As Nguyen et al. (2015) have also pointed out, universities typically use an amalgam of publication information, peer review, or a combination of the two former to quantify research personnel outputs at the individual principal investigator, department, or school levels. This combination, or bibliometrics, includes such elements as impact factors and/or citation rates. While there are both pro arguments (Taylor, 2011) and contra arguments (Adams, 2009) to the use of bibliometrics, the inclusion of specific system derived information directly relevant to the integrated System of System (SoS) research project outputs has, to the best of the authors’ knowledge, not been attempted for inclusion.

Literature Review

Cost functions as almost a universal sanctioned means of exchange and value throughout communities (Newlyn, 1978). Investments in a particular quantity, whether it be equipment, labor, project, etc., can all be associated with the appropriate process if there is an accurate accounting system to assign “cost” in dollars to these processes and interactions (Langford, 2012). The system engineering usage of cost constituting the basis for modelling is also well known (Boehm et al., 2000; Blanchard, 1998).

Any performance management information system which has the capability to actively predict performance, must also meet two additional criteria: (1) it must have a program management framework; and (2) it must also have a procedural framework (Folan & Browne, 2005). The numeric basis of cost makes it attractive as many other gauges of systems measurement (Beamon, 1998). Beamon (1998) also concluded, however, that it is improbable that a unitary performance measure like cost will be sufficient, hence a conglomerate of performance measures is demanded for precise assessment.

The need to further classify research university project performance measures as they relate to performance information management is apparent from the fact that effective performance information management involves more than merely quantifying usefulness or benefit as the produced outcome of any organizational undertaking (Macbryde & Mendibil, 2003). Monitoring the processes responsible for those outcomes themselves is equally as important in order to influence the determination of the usefulness or benefit (Busi & Bitici, 2006). The outcome-process difference is also related to a ‘systems’ view of research university organizational functioning, in that the effectiveness or performance of the organizational system in question will itself then be a nascent property of interaction and processes between which and within which all elements that comprise the system as a whole may function (Atkinson, Waterhouse, & Wells, 1997).

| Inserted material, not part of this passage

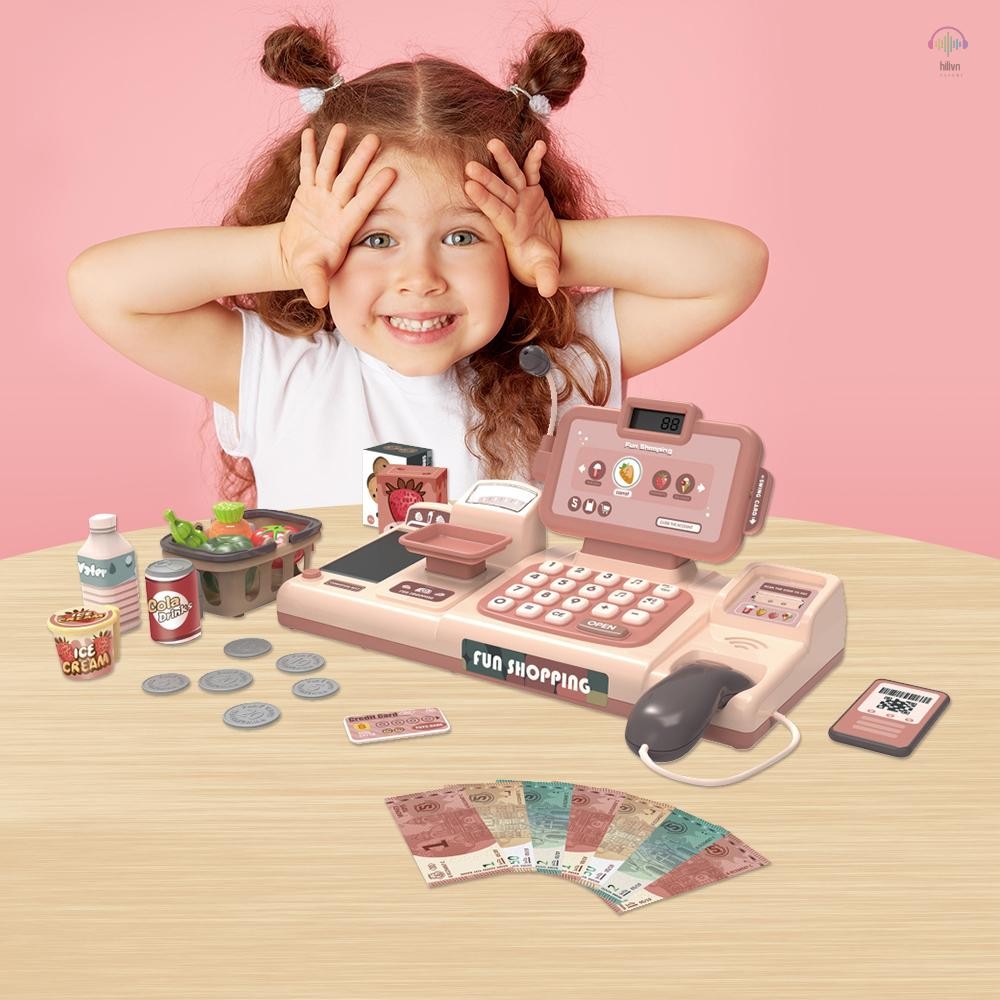 Bộ đồ chơi máy tính tiền cho trẻ em từ 3 tuổi trở lên có máy quét Máy tính Micro Play Moneny Thẻ tín dụng 7 chiếc Quét Giỏ tạp hóa Hành động thực tế & Âm thanh Đồ chơi giáo dục cho

Systems engineering (SE) involves the utilization of multiple academic disciplines to integrate various concepts “encompassing a wide range of engineering fields and associated analytical thought processes” (Kossiakoff & Sweet, 2003). It further defines an overall ‘systems’ thinking to consider the broader perspective that embraces a systems perspective as well as the interaction and integration of individual parts (Cowan, Allen, & Mistree, 2006; Haskins, 2006). Systems Engineering also bears a strong resemblance to an implementation of General Systems Theory in that the “general nature of a complex problem is to find a solution using systems ideas and principles” (von Bertalanffy, 1962).

DeLaurentis and Callaway (2004) define a SoS as “the combination of a set of different systems [that] forms a larger system of systems that performs a function not performable by a single system alone.” In the context of a university research administration application, however, the definition by Jamshidi (2009) as “an integration of a finite number of constituent systems which are independent and operable, and which are networked together for a period of time to achieve a certain higher goal” seems to serve the present application best.

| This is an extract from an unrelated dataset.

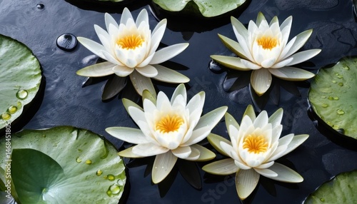 Beautiful white water lilies, a flora of summer nature, blossom as aquatic flowers in a garden pond

To be considered as a SoS, there are at least five identified traits: “operational independence, managerial independence, emergent behavior, evolutionary development, and geographical distribution” (DeLaurentis, 2007; Boardman, DiMario, Sauser, & Verma, 2006). Maier (1998) interprets operational independence as: “if the SoS is disassembled into its component systems, the components systems must be able to usefully operate independently.” Managerial independence is defined similarly as: “the component systems not only can operate independently, they do operate independently.”

In summary, a SoS executes both tasks and designs that cannot and are not either inhabiting any single constituent system (Engell, 2014). These functions are the nascent constituent elements of the total SoS itself and may not be confined to any single constitutive system. The foremost functions of the SoS emerge and are in turn satisfied by the SoS (Maier, 1998). Hence, SoS are comprised of multiple systems that are each managed and operated independently. At the SoS level, they deliver additional benefits. The enterprises at the systems level are all seen to have managerial and operational independence. Together, however, the individual component systems collaborate to develop and operate the SoS (Maier, 1998).

The current state of NPS research administration operations is seen to be requiring a more developed research output measurement information construct. NPS is not alone in this regard (Nguyen et al., 2015). A systems engineering-based method of analysis offers us one possible way to gain additional perspective into the many complexities observed in managing a research university construct by providing an additional dimension through which to view research conduct.

Method

At NPS, the increased fidelity of individual research project financial data has provided valuable spending pattern accounting information. It was not until 2011, however, that questions arose whether the individual total annual system cost structure items afforded by use of the institutions Kuali Financial System (KFS) (labor, equipment, etc.) may be treated as representative of the individual systems they originate from in order to possibly afford additional insight into NPS RSPO research operations (Kuali, 2014). This further implied that a possible new integrated RSPO planning and control information mechanism could be constructed, utilizing continuous process measurement techniques to track the state(s) of the system(s) variance trends.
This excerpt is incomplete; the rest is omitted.